=== Data to process ===

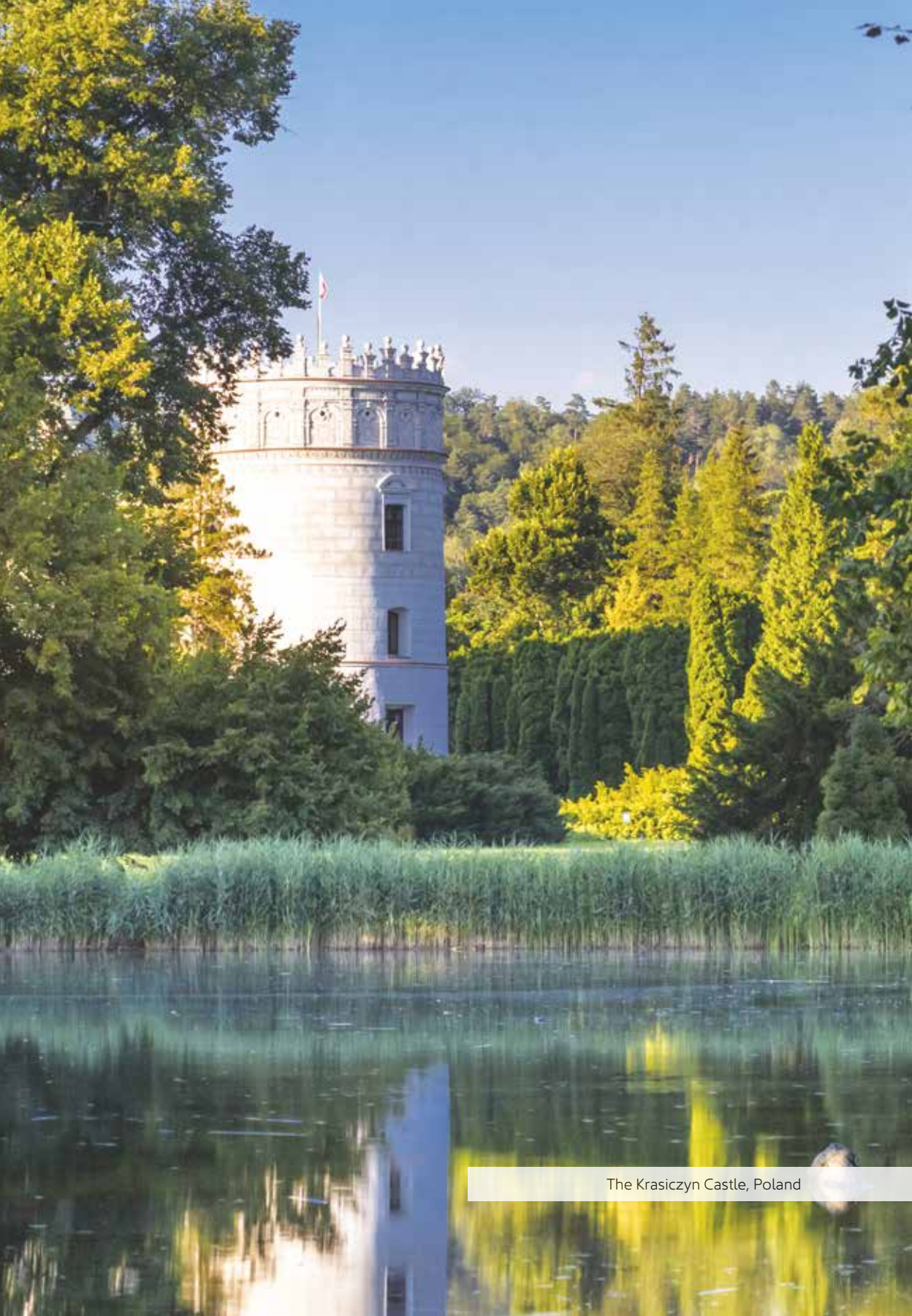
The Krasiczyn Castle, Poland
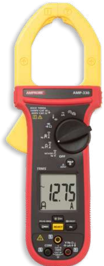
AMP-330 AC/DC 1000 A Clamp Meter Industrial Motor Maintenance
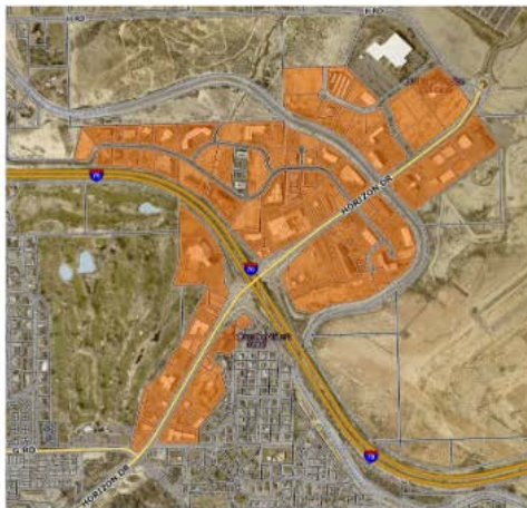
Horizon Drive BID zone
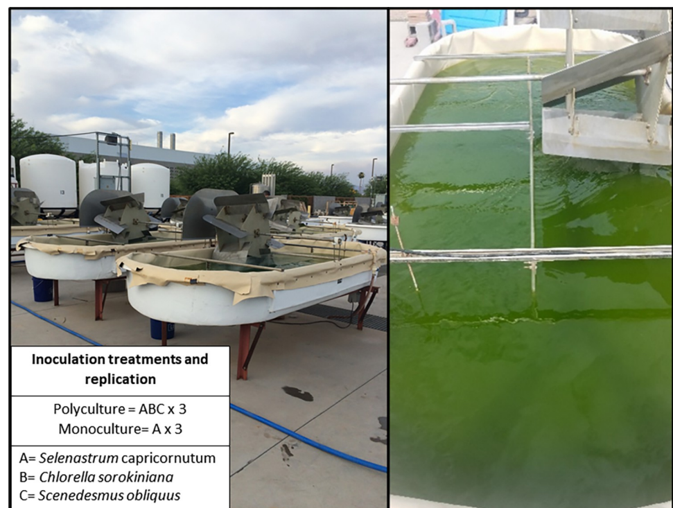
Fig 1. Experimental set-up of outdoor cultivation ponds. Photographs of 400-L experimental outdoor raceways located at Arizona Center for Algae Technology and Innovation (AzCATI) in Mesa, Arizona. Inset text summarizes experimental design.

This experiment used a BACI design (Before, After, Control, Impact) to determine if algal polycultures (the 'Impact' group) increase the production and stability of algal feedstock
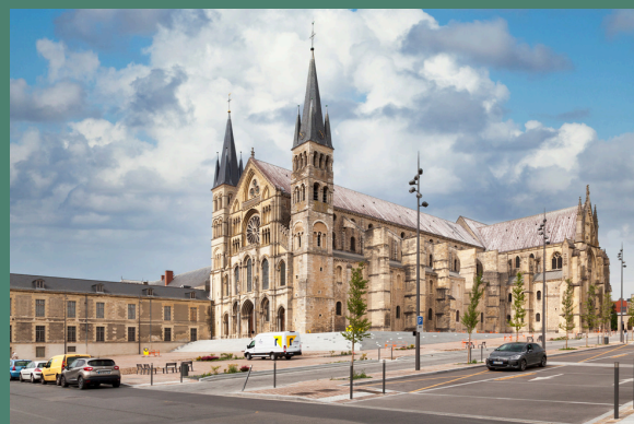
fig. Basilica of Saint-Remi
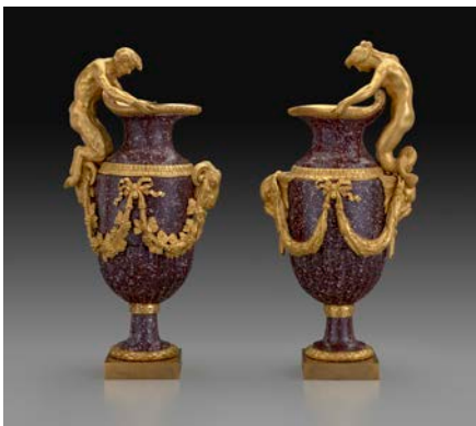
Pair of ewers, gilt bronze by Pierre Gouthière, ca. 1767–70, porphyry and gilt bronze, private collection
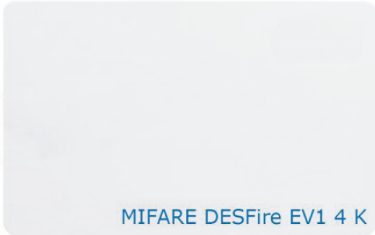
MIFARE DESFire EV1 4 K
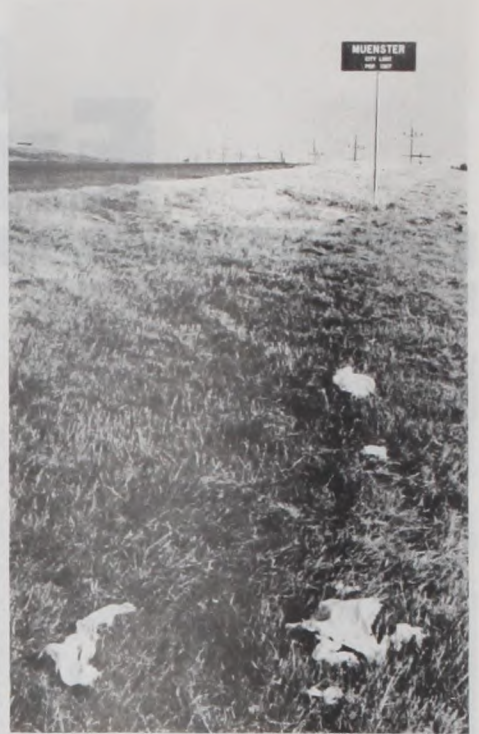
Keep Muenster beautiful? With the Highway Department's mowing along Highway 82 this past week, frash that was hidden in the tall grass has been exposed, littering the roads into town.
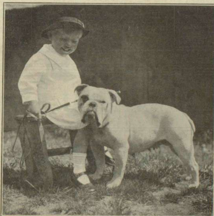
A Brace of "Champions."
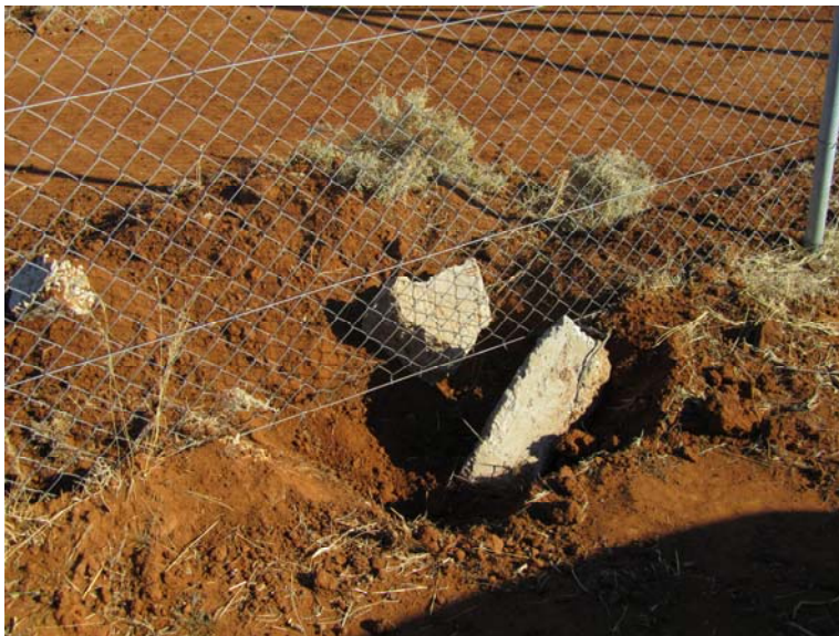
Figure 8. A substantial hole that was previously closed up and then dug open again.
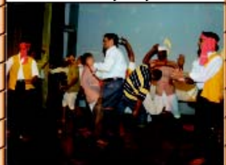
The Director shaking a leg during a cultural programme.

===

_About this exercise:_ Check each line of the entries for the string "design". Copy the lines that have it.

_Your solution:_
Fig 1. Experimental set-up of outdoor cultivation ponds. Photographs of 400-L experimental outdoor raceways located at Arizona Center for Algae Technology and Innovation (AzCATI) in Mesa, Arizona. Inset text summarizes experimental design.
This experiment used a BACI design (Before, After, Control, Impact) to determine if algal polycultures (the 'Impact' group) increase the production and stability of algal feedstock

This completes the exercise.